绛宾抬起眼睛看向索勒,眸子透着坚定,点头道:“对,阿扎汗大都尉是我们这边的人,我父汗特意叮嘱过我,此人可信。我们去找他,但是……”他顿了顿,将心中的疑虑说出来:“我要怎么出去?”
外面是姑翼的人,他们不许绛宾离开。
索勒拍拍他的肩道:“去和侍卫说一声,然后换套他们的衣服,在外面等我。”
绛宾点点头,走了出去,自去吩咐他的侍卫。屏风内,索勒看向孔雀和柯木孜,轻声问:“他怎么样?”

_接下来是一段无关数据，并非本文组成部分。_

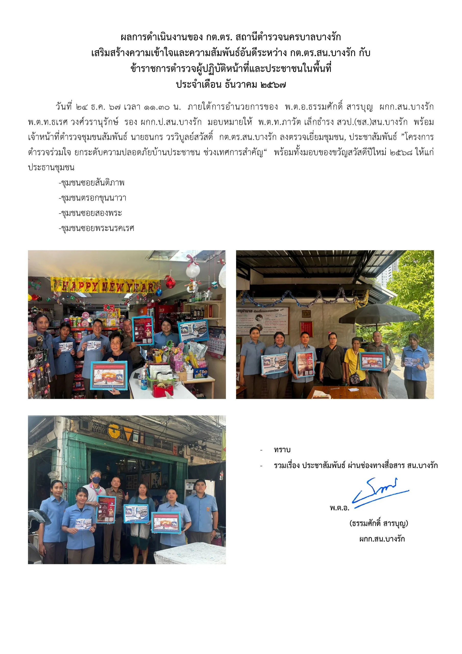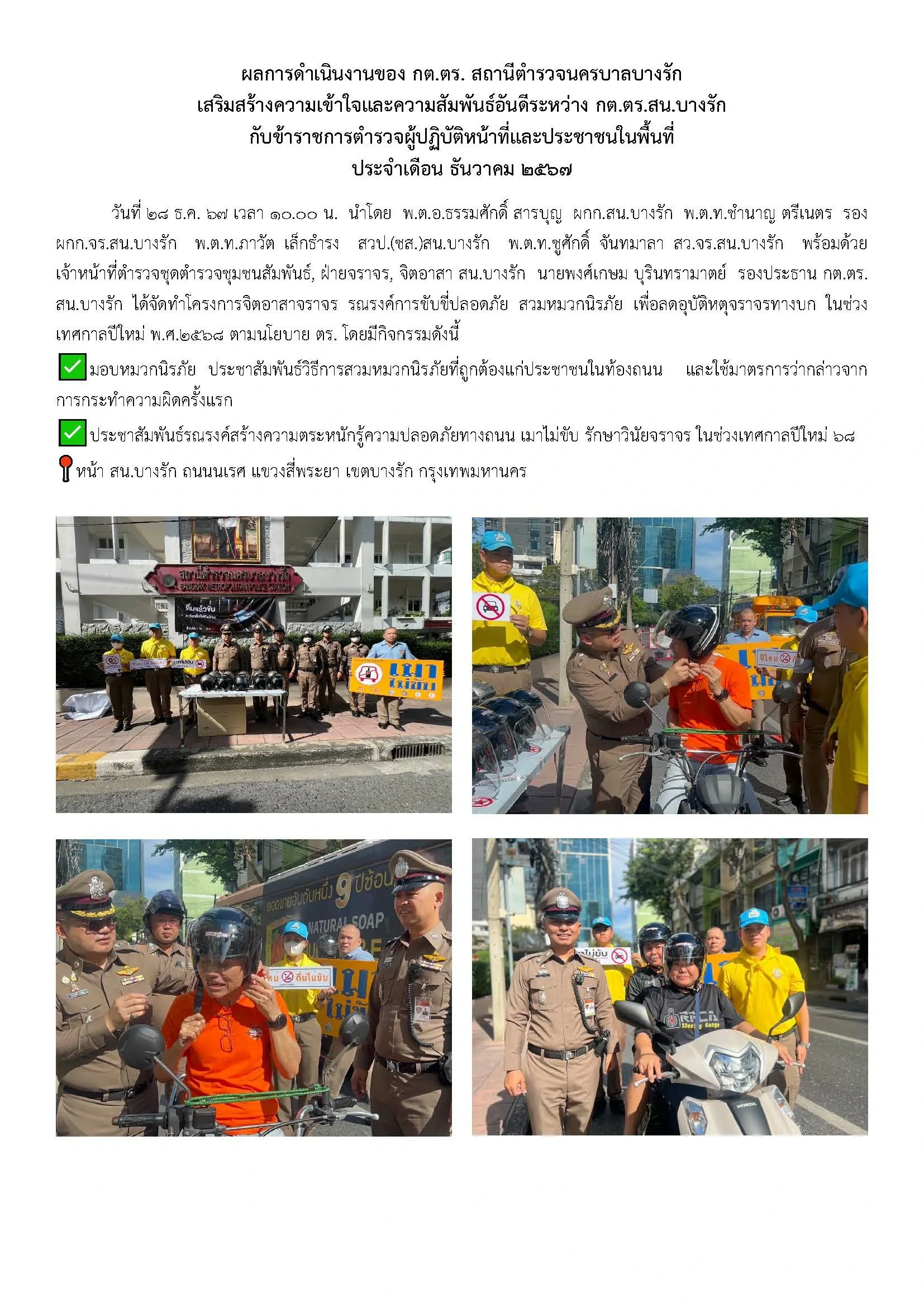 ผลการดำเนินงานของ กต.ตร. สถานีตำรวจนครบาลบางรัก ธันวาคม 2567

孔雀往他这移了两步,回道:“柯木孜说他的毒已经解了,但没有苏醒的迹象,会不会和他年老体弱有关?”
“有可能,黄泉路上无老少,性命还是老天说了算!”索勒看向柯木孜,问:“你有没有问过绛宾,龟兹王以前是否抱恙?”
“问过了,他说龟兹王这半年身体一直不好,眼见着日渐衰老,我也觉得是有其他病症,刚刚还在翻淳于校尉给我的医书,看看有没有什么这种病症的记载。”柯木孜回道。
索勒伸手为大汗号脉,一边观察着大汗的面色。龟兹大汗双目紧闭,眼眶和嘴唇深陷,看来牙已经掉了不少,整张脸毫无生气,皱皱巴巴,就如枯木一般,只看外表这就是一个过不了鬼门关的古稀老者,实际上龟兹大汗不过半百而已。
索勒松开手,叹气道:“他的脉象很不好,就算没中毒,也是大限了。所以你要抓紧,怎么也要让他死前醒一下,我怕龟兹王的身体等不得,到时你有口难辩,被人抓到莫须有的把柄,向你们犯难。”
索勒实话实说,他很怕自己还没有回来,龟兹王就咽气了,到时这里只有孔雀和柯木孜,姑翼他们若真变成疯子,狗急跳墙就不好了!